▶
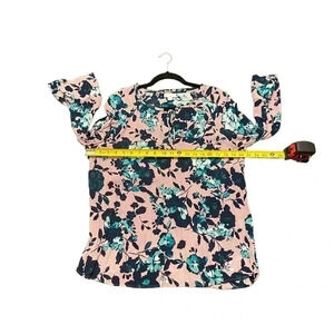 J. Jill Beautiful Blooms Mauve Floral Ruffle Sleeve Blouse Tie Neck Size M Women
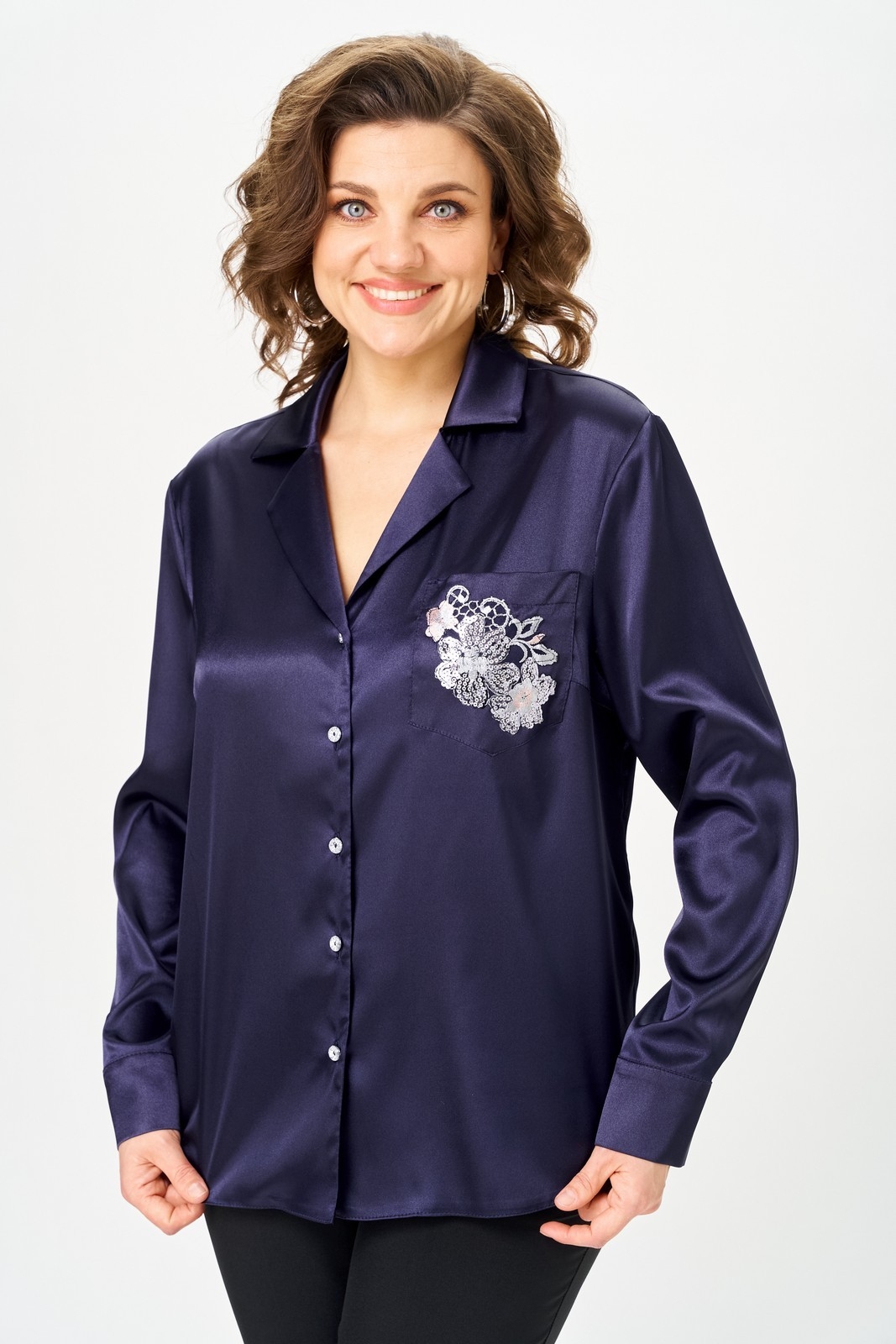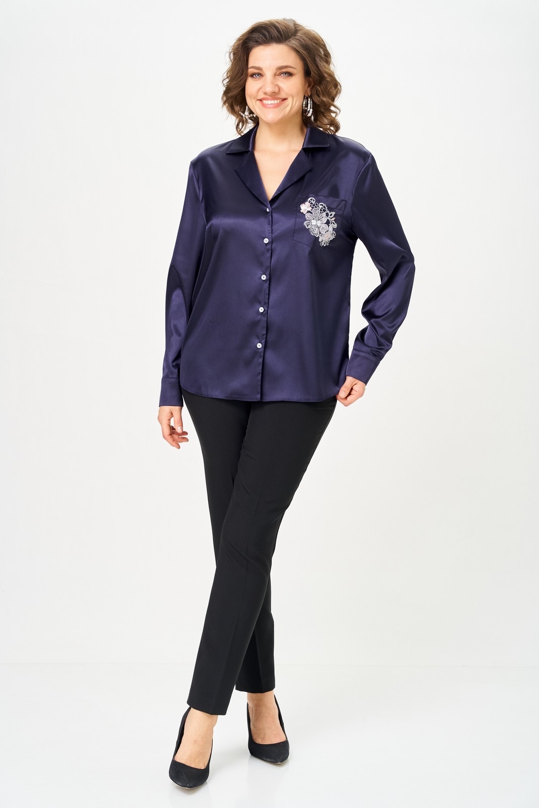 Блузка 2168 черничный Svetlana Style идеально подойдет для вашего гардероба. Коллекция бренда Svetlana Style предлагает стильную блузку из хлопковой ткани в сочетании с полиэстером и эластаном, обеспечивая комфорт и свободу движений. Прямой силуэт с втачным длинным рукавом и фигурной линией низа придает модели современный вид. Воротник с лацканами и центральная застежка на пуговицах создают элегантный образ. Особое внимание привлекают вытачки по линии груди и накладной карман с оригинальной отделкой. Черничный цвет добавляет изысканности и подойдет для осенне-весеннего сезона. Длина блузки по спинке составляет 65 см, а длина рукава от горловины — 75 см, что делает ее идеальной для офисного стиля и повседневного использования.
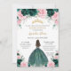 Convite Quinceañera Emerald Green Pink Princesa Floral
◀
*What you need to do*: An exact reproduction of the lines from the line containing "Блузка 2168 черничный" through the end of the listing above is needed; pictures stay out.

*Response for this exercise*:
 Блузка 2168 черничный Svetlana Style идеально подойдет для вашего гардероба. Коллекция бренда Svetlana Style предлагает стильную блузку из хлопковой ткани в сочетании с полиэстером и эластаном, обеспечивая комфорт и свободу движений. Прямой силуэт с втачным длинным рукавом и фигурной линией низа придает модели современный вид. Воротник с лацканами и центральная застежка на пуговицах создают элегантный образ. Особое внимание привлекают вытачки по линии груди и накладной карман с оригинальной отделкой. Черничный цвет добавляет изысканности и подойдет для осенне-весеннего сезона. Длина блузки по спинке составляет 65 см, а длина рукава от горловины — 75 см, что делает ее идеальной для офисного стиля и повседневного использования.
 Convite Quinceañera Emerald Green Pink Princesa Floral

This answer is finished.